_WORK REQUEST_: Exact copy, pictures excluded: write out every line below.

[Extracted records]
——

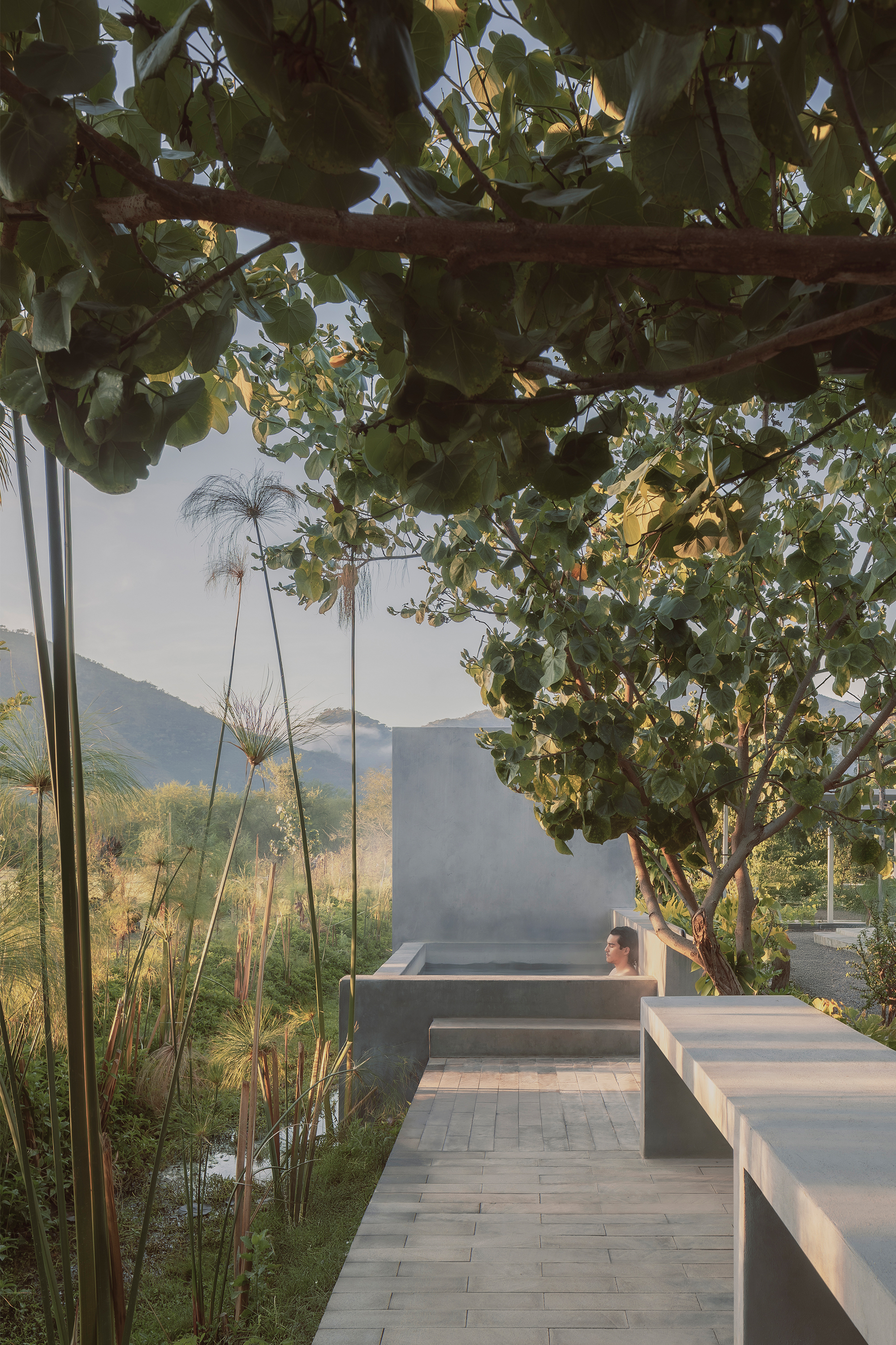 At the southern end of the garden, a group of open-air thermal pools unfolds alongside the path of a natural rainwater channel. These lower-temperature pools are in direct contact with the site’s endemic vegetation, allowing for a visual and sensory immersion in the landscape. The experience here is more expansive, open to the sky and surroundings.
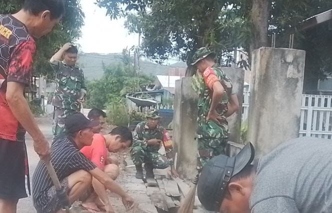 Koramil 01/Panca Lautang Gelar Karja Bakti Pembersihan Parit di Dusun Lamenge, Corawali Sidrap
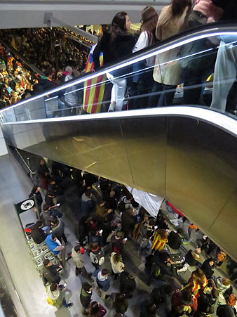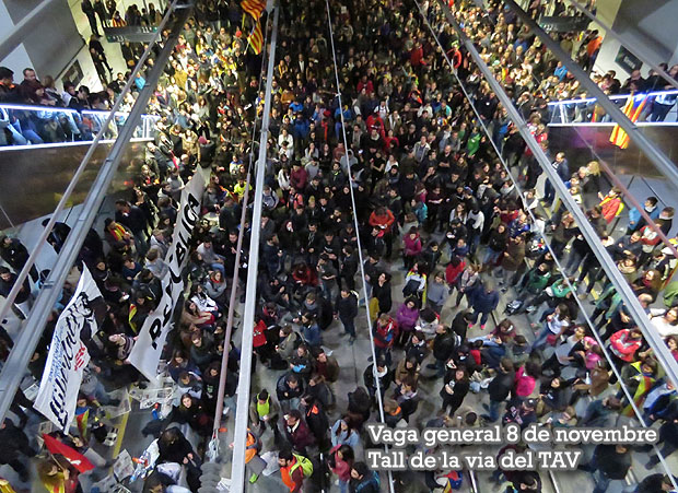 El dimecres 8 de novembre 2017, dia de vaga general a Catalunya, convocada en protesta per l’empresonament de la meitat dels membres del govern escollits a les urnes i cessats per un decret del govern espanyol, i dels presidents de les entitats sobiranistes, Jordi Sànchez i Jordi Cuixart, entre 15.000 i 18.000 persones es varen concentrar durant tarda a la Plaça del Vi de Girona. Acabada la concentració, moltes persones es varen desplaçar a l'estació del TGV on, en resposta a la convocatòria de les organitzacions ciutadanes CDR ("Comitès de Defensa de la República") i d'altres col·lectius, s'havia tallat la via, en una acció de protesta que va durar més de dotze hores, fins cap a les deu de la nit. Amb l'abandó de les vies, i paral·lelament, es va procedir a la neteja absoluta de l'indret, fet que varen destacar els mitjans de comunicació.
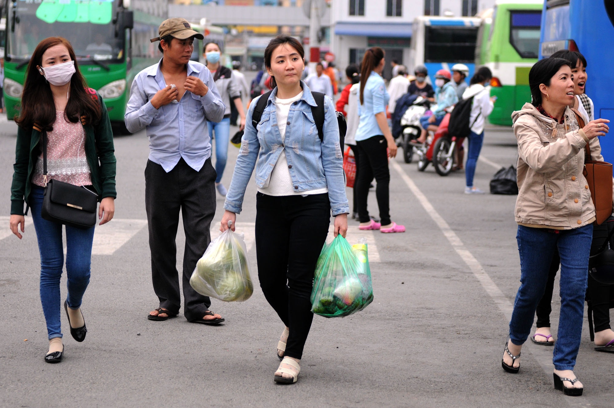 | Nhiều sinh viên các trường đại học ở thành phố cũng đổ về Sài Gòn để đến lớp vào ngày mai. Cô gái Hoàng Oanh (quê Bạc Liêu) đang tìm xe buýt để về nhà trọ tại quận 10. |
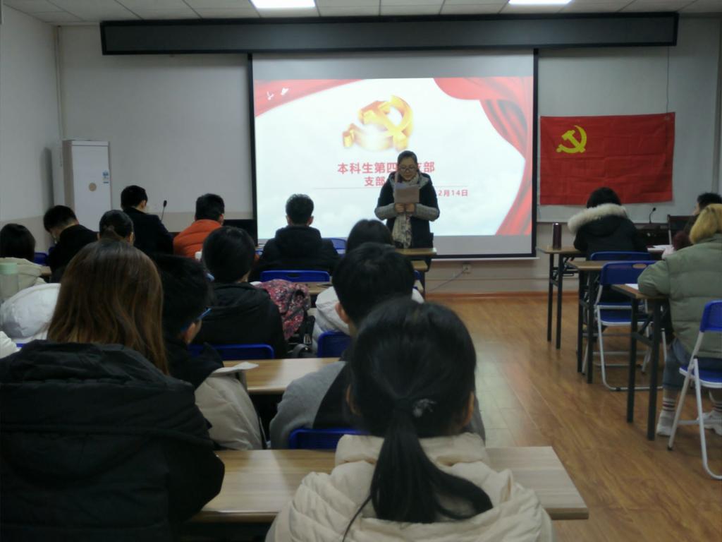 2018年12月14日,学院学生第四党支部于4204召开预备党员接收大会,会议由党支部书记龙奕桦同志主持,党支部全体党员同志和发展对象参与此次议会。
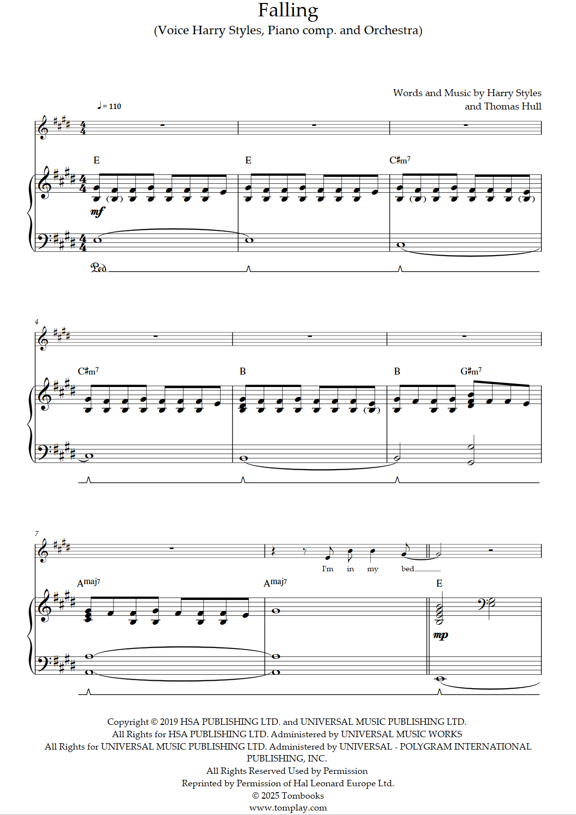 Téléchargez la partition Piano Falling (voix Harry Styles, acc. piano et orchestre) de Har…
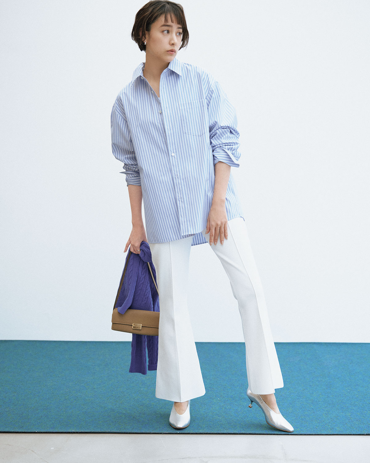 メンズライクなストライプシャツは、袖をまくってほんのり崩して着ることで、ほどよい抜け感を演出。センタープレス入りの白パンツを合わせれば、縦のラインが強調されてすらりとした印象に。パンプスで足元に艶を添えることでカジュアルになりすぎず、大人の上品さもキープできます。
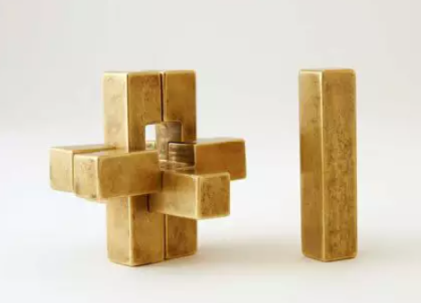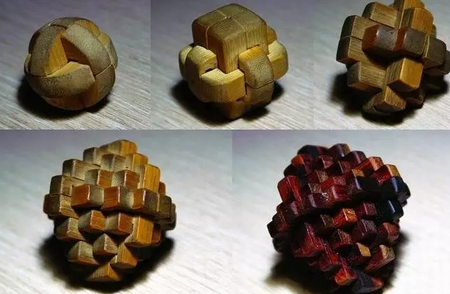 今天,鲁班锁有了更加复杂的内部结构,从外形到材料都在不断改变着,甚至以它特殊的造型方式在艺术领域崭露头角。

——

_REPLY_:
 At the southern end of the garden, a group of open-air thermal pools unfolds alongside the path of a natural rainwater channel. These lower-temperature pools are in direct contact with the site’s endemic vegetation, allowing for a visual and sensory immersion in the landscape. The experience here is more expansive, open to the sky and surroundings.
 Koramil 01/Panca Lautang Gelar Karja Bakti Pembersihan Parit di Dusun Lamenge, Corawali Sidrap
 El dimecres 8 de novembre 2017, dia de vaga general a Catalunya, convocada en protesta per l’empresonament de la meitat dels membres del govern escollits a les urnes i cessats per un decret del govern espanyol, i dels presidents de les entitats sobiranistes, Jordi Sànchez i Jordi Cuixart, entre 15.000 i 18.000 persones es varen concentrar durant tarda a la Plaça del Vi de Girona. Acabada la concentració, moltes persones es varen desplaçar a l'estació del TGV on, en resposta a la convocatòria de les organitzacions ciutadanes CDR ("Comitès de Defensa de la República") i d'altres col·lectius, s'havia tallat la via, en una acció de protesta que va durar més de dotze hores, fins cap a les deu de la nit. Amb l'abandó de les vies, i paral·lelament, es va procedir a la neteja absoluta de l'indret, fet que varen destacar els mitjans de comunicació.
 | Nhiều sinh viên các trường đại học ở thành phố cũng đổ về Sài Gòn để đến lớp vào ngày mai. Cô gái Hoàng Oanh (quê Bạc Liêu) đang tìm xe buýt để về nhà trọ tại quận 10. |
 2018年12月14日,学院学生第四党支部于4204召开预备党员接收大会,会议由党支部书记龙奕桦同志主持,党支部全体党员同志和发展对象参与此次议会。
 Téléchargez la partition Piano Falling (voix Harry Styles, acc. piano et orchestre) de Har…
 メンズライクなストライプシャツは、袖をまくってほんのり崩して着ることで、ほどよい抜け感を演出。センタープレス入りの白パンツを合わせれば、縦のラインが強調されてすらりとした印象に。パンプスで足元に艶を添えることでカジュアルになりすぎず、大人の上品さもキープできます。
 今天,鲁班锁有了更加复杂的内部结构,从外形到材料都在不断改变着,甚至以它特殊的造型方式在艺术领域崭露头角。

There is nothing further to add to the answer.